(Stored items from a collection)
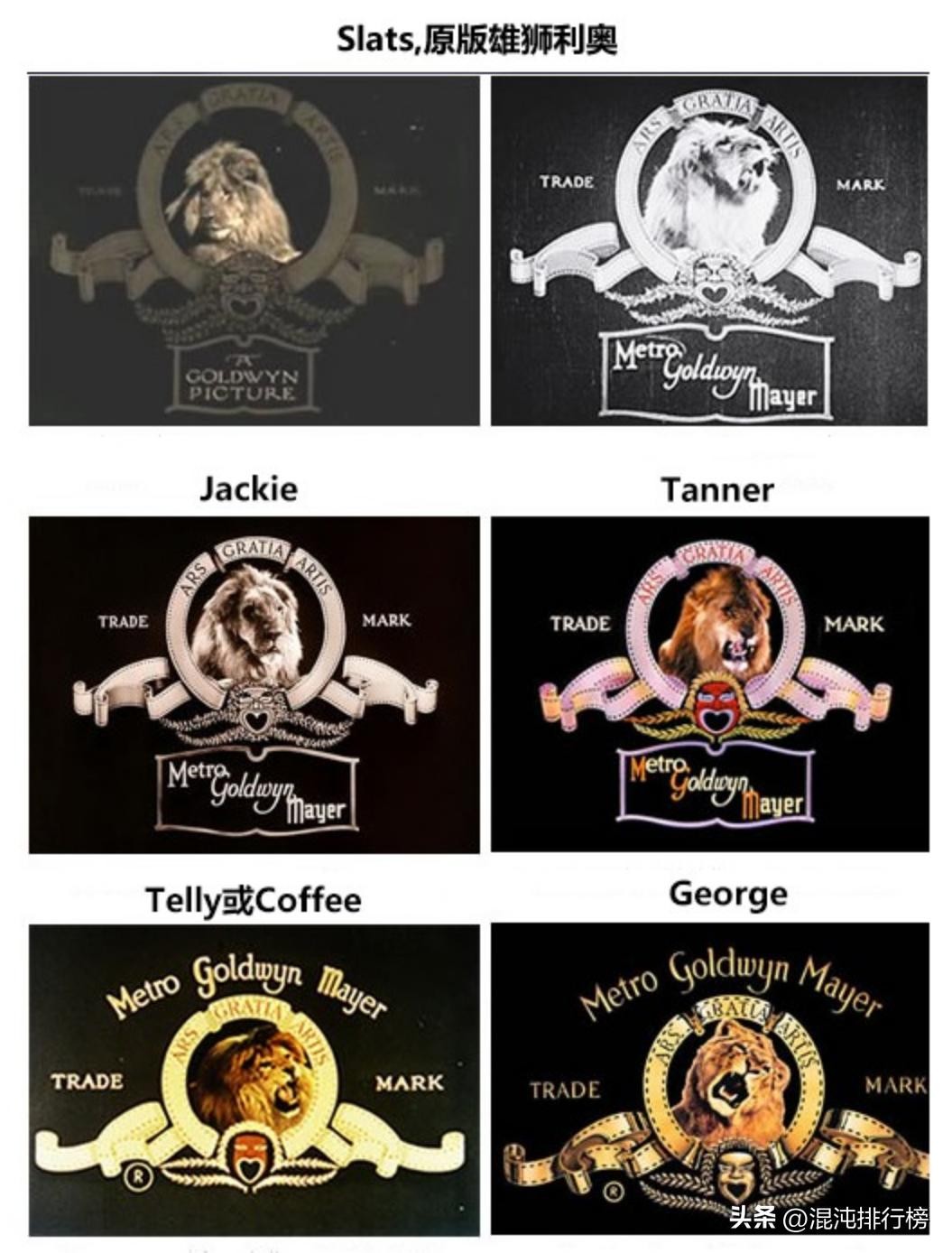 第一头名叫“Slats”,它作为“先锋”占据了米高梅1924年至1928年无声电影的片头。
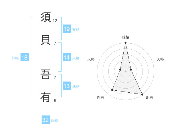 須貝 吾有さんの総格は32画の5点!
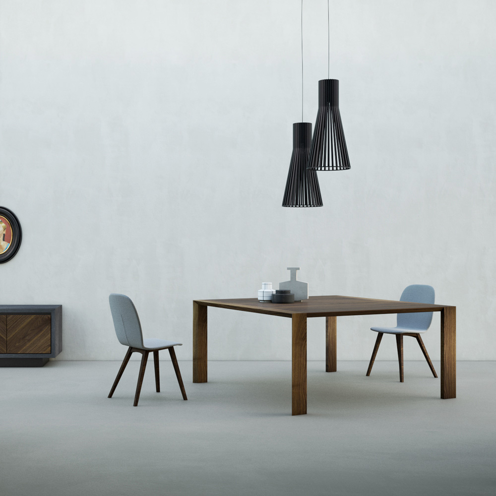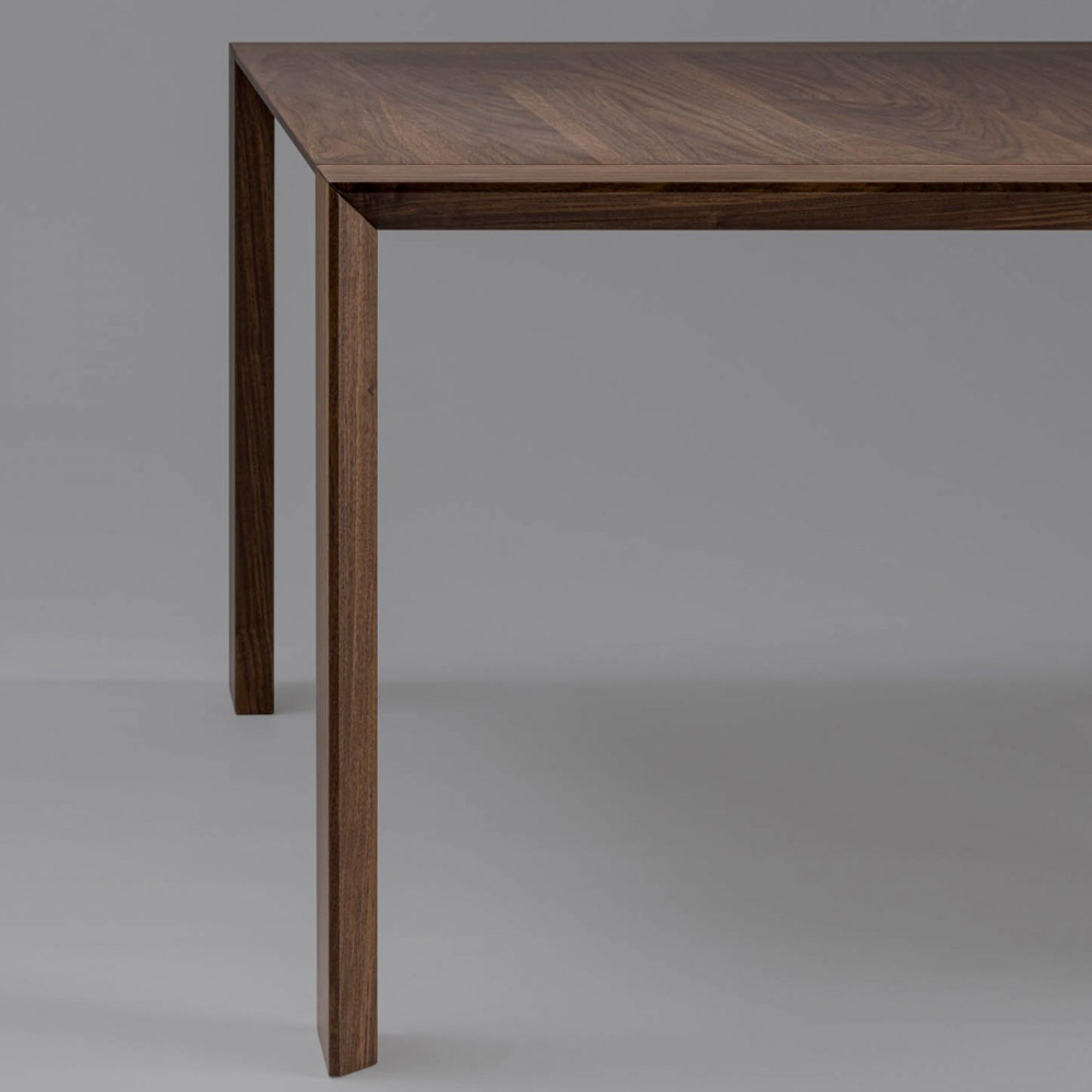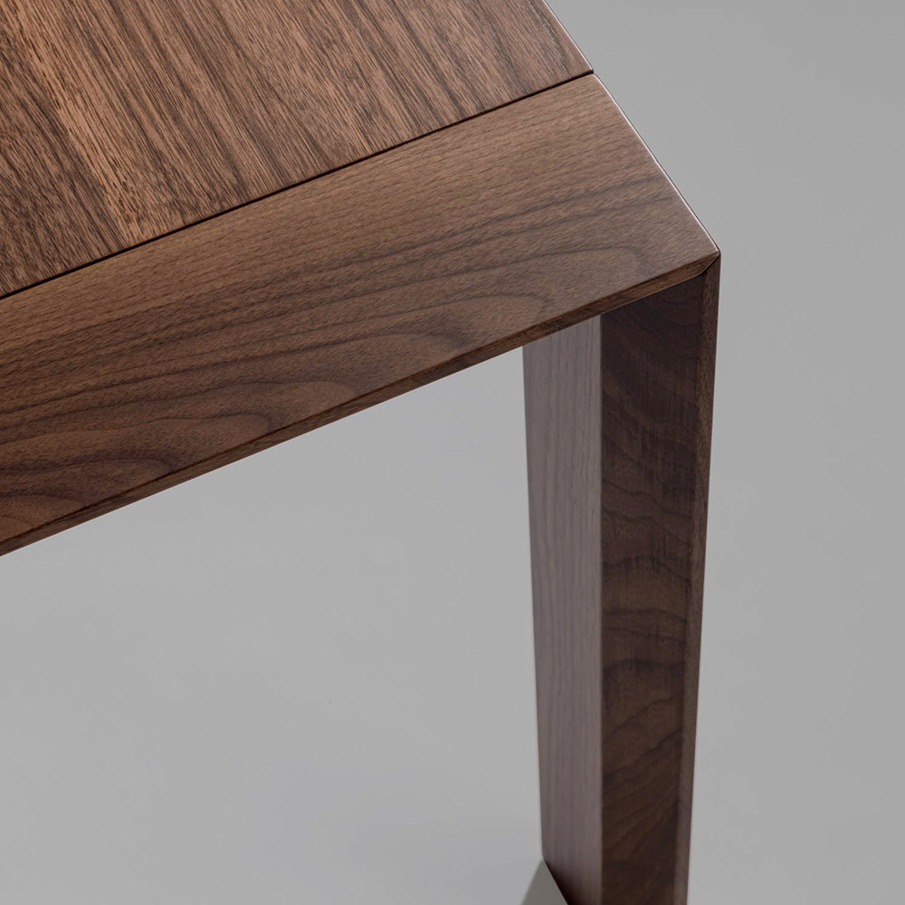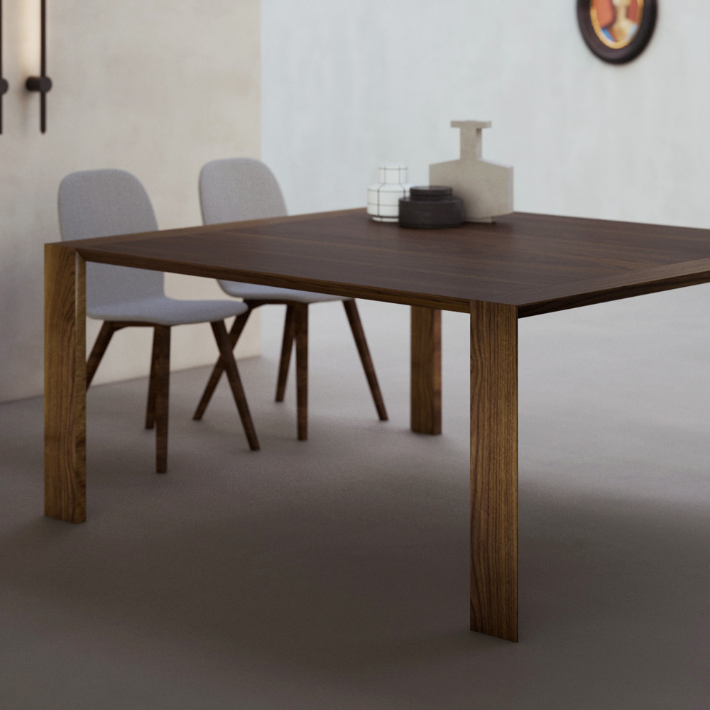 Fixed table with bevelled legs veneered on laminate and top veneered on poplar chipboard in canaletto walnut colour .
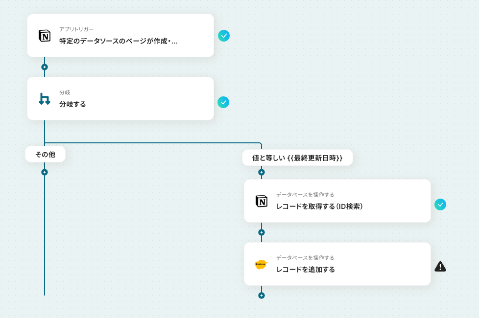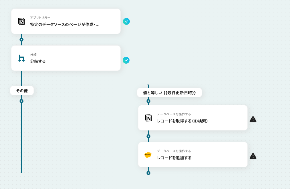 これで【Notionの任意のデータソースに情報が追加されたら、kintoneにも追加する】というフローの完成です。
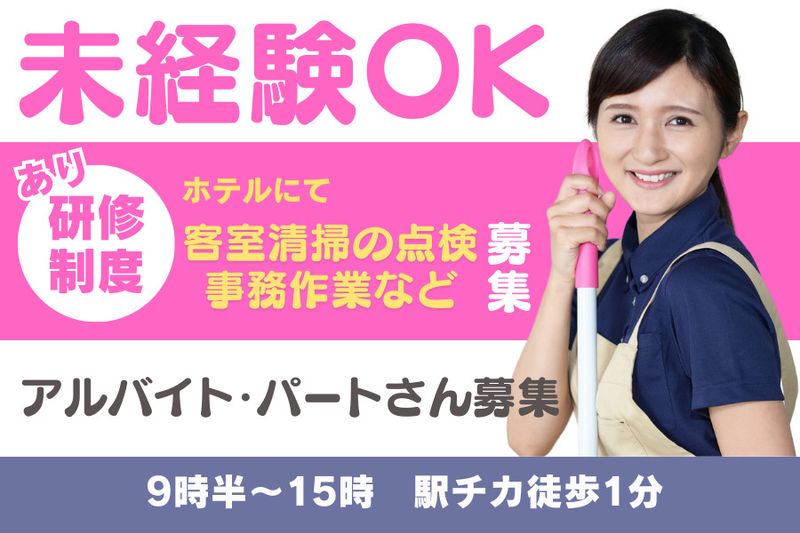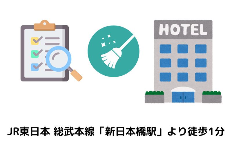 【仕事内容】 \JR「新日本橋駅」より徒歩1分/ ✨未経験者に特におすすめ✨ ホテル客室清掃の インスペクター・チェッカーを募集! 客室清掃の不備がないか 最終チェックを行っていただきます。 チェック業務なので身体の負担が少なく、未経験者の方に特におすすめです! 【具体的には】 ・ルームメイク後の手直しや仕上げ ・現場責任者のフォロー対応 ・清掃スタッフへ指示出し ・簡単な事務業務 その他に付随する 業務もお願いします。 まずは一週間ほど清掃の仕事の流れを学んでいただき、その後に点検業務をお願いします。 わからないことがあっても 先輩スタッフがフォローします! ✅留学生活躍中 中国、ベトナム、フィリピン、 スリランカからの留学生が活躍中の現場です♪ マニュアル整備も進めており、 働きやすい環境整備に取り組んでおります! 少しでも興味がございましたら ご応募、ご連絡下さい。 お待ちしております。 【求人ID-A0020-1】
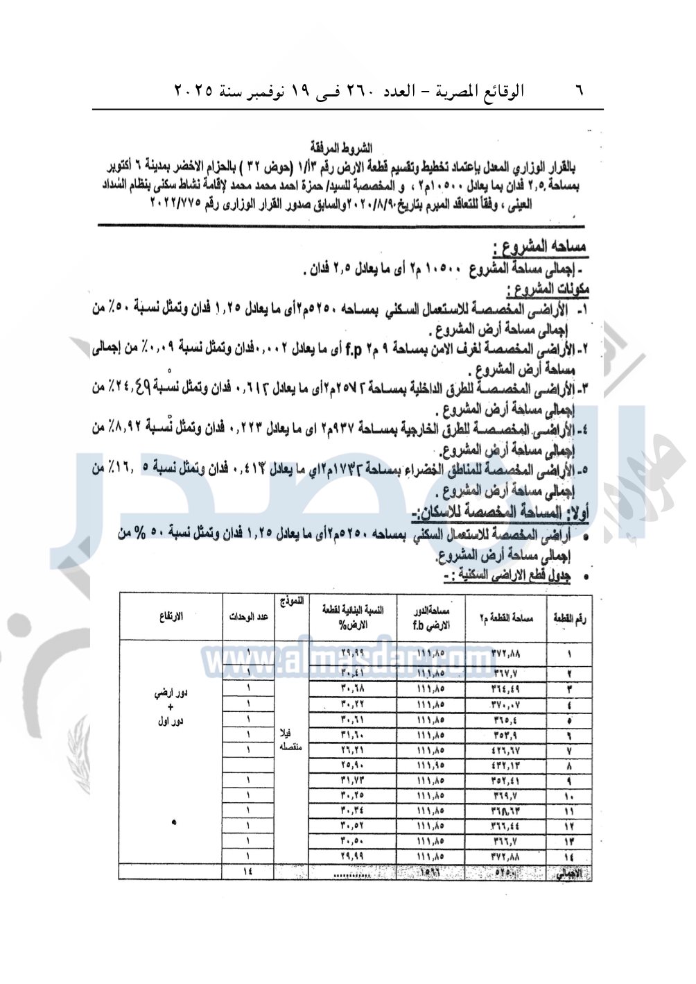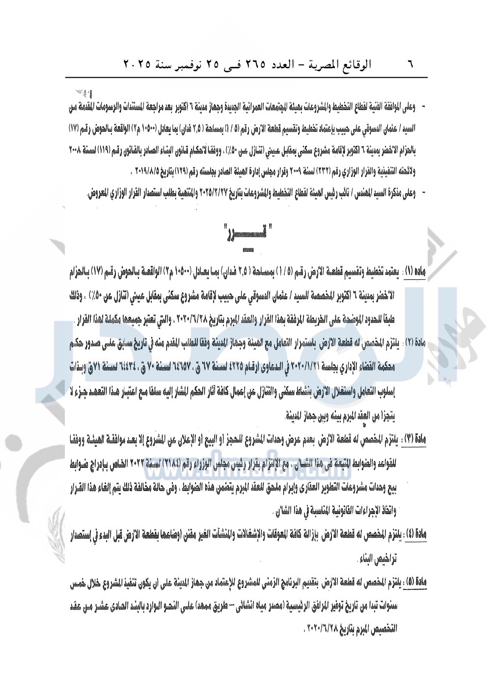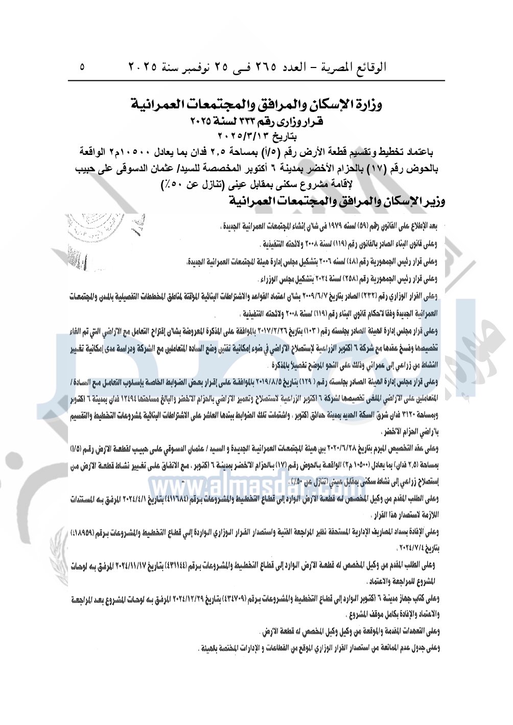 نشرت الوقائع المصرية، في العدد 265، الصادر في في 25 نوفمبر سنة 2025، قرار وزارة الإسكان والمرافق والمجتمعات العمرانية، رقم 333 لسنة 2025، بتاريخ 13-3-2025، بشأن اعتماد تخطيط وتقسيم قطعة الأرض رقم "5/ أ" بمساحة 2.5 فدان بما يعادل 10500م2 الواقعة بالحوض رقم "17" بالحزام الأخضر بمدينة 6 أكتوبر المخصصة لـ عثمان الدسوقى على حبيب لإقامة مشروع سكنى بمقابل عينى "تنازل عن 50%".
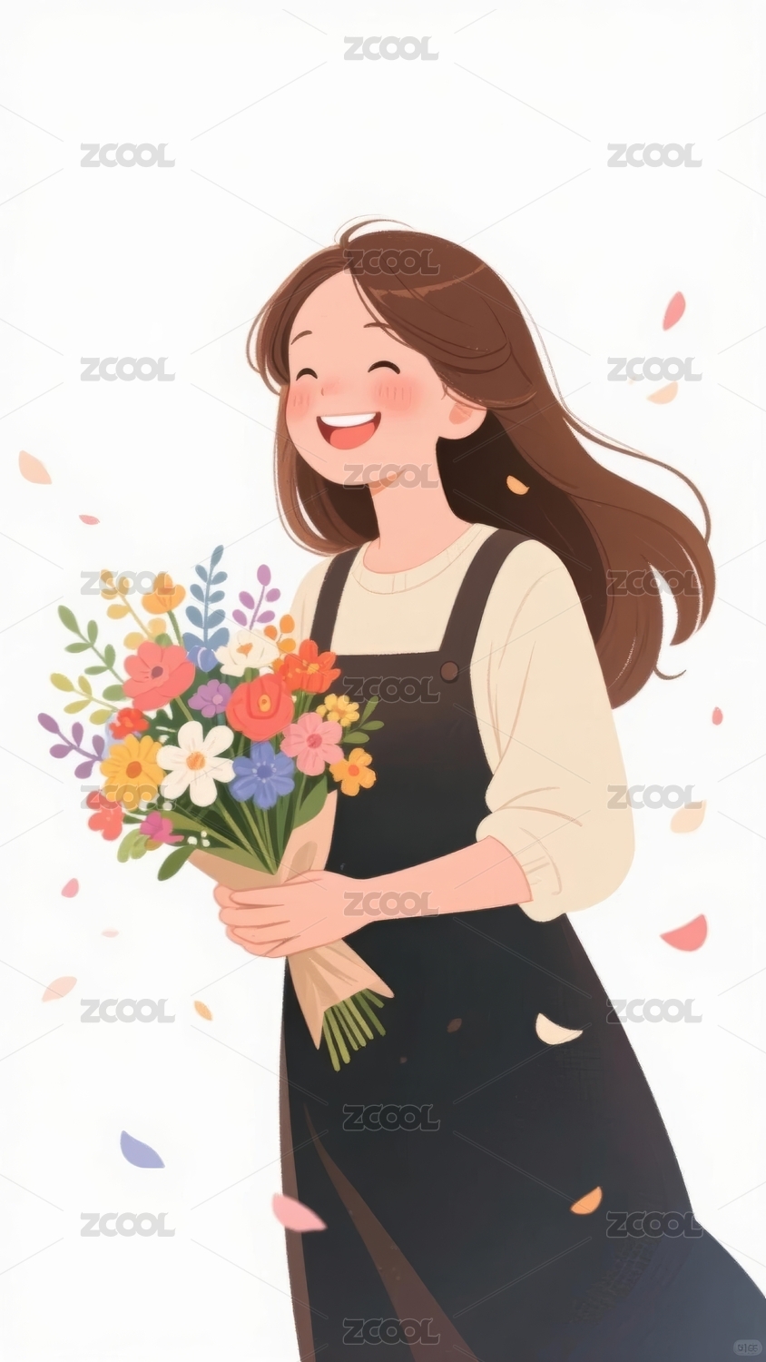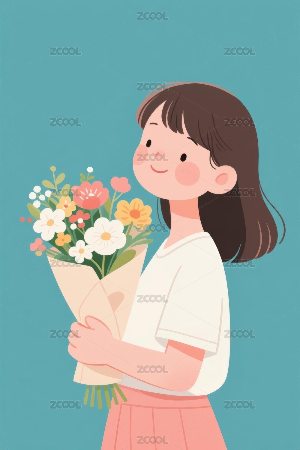 母亲节女孩抱着鲜花感恩节概念插图母亲节女
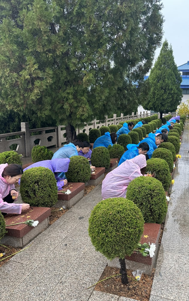 虽然一块墓碑需要描二十到三十分钟,但是大家感觉特别有意义,大家在雨中描金的同时感受到了烈士们无声的爱国主义情怀,脑海中浓烈的思想在碰撞、在净化,眼眸中晶莹的泪花止不住的在跳动,伴随着雨水已经分不出你我。

= THE TASK =
Repeat nothing but the lines from the one containing "Fixed table with" through the end of the entries, exactly, and skip the pictures.

= RESPONSE TO THIS TASK =
 Fixed table with bevelled legs veneered on laminate and top veneered on poplar chipboard in canaletto walnut colour .
 これで【Notionの任意のデータソースに情報が追加されたら、kintoneにも追加する】というフローの完成です。
 【仕事内容】 \JR「新日本橋駅」より徒歩1分/ ✨未経験者に特におすすめ✨ ホテル客室清掃の インスペクター・チェッカーを募集! 客室清掃の不備がないか 最終チェックを行っていただきます。 チェック業務なので身体の負担が少なく、未経験者の方に特におすすめです! 【具体的には】 ・ルームメイク後の手直しや仕上げ ・現場責任者のフォロー対応 ・清掃スタッフへ指示出し ・簡単な事務業務 その他に付随する 業務もお願いします。 まずは一週間ほど清掃の仕事の流れを学んでいただき、その後に点検業務をお願いします。 わからないことがあっても 先輩スタッフがフォローします! ✅留学生活躍中 中国、ベトナム、フィリピン、 スリランカからの留学生が活躍中の現場です♪ マニュアル整備も進めており、 働きやすい環境整備に取り組んでおります! 少しでも興味がございましたら ご応募、ご連絡下さい。 お待ちしております。 【求人ID-A0020-1】
 نشرت الوقائع المصرية، في العدد 265، الصادر في في 25 نوفمبر سنة 2025، قرار وزارة الإسكان والمرافق والمجتمعات العمرانية، رقم 333 لسنة 2025، بتاريخ 13-3-2025، بشأن اعتماد تخطيط وتقسيم قطعة الأرض رقم "5/ أ" بمساحة 2.5 فدان بما يعادل 10500م2 الواقعة بالحوض رقم "17" بالحزام الأخضر بمدينة 6 أكتوبر المخصصة لـ عثمان الدسوقى على حبيب لإقامة مشروع سكنى بمقابل عينى "تنازل عن 50%".
 母亲节女孩抱着鲜花感恩节概念插图母亲节女
 虽然一块墓碑需要描二十到三十分钟,但是大家感觉特别有意义,大家在雨中描金的同时感受到了烈士们无声的爱国主义情怀,脑海中浓烈的思想在碰撞、在净化,眼眸中晶莹的泪花止不住的在跳动,伴随着雨水已经分不出你我。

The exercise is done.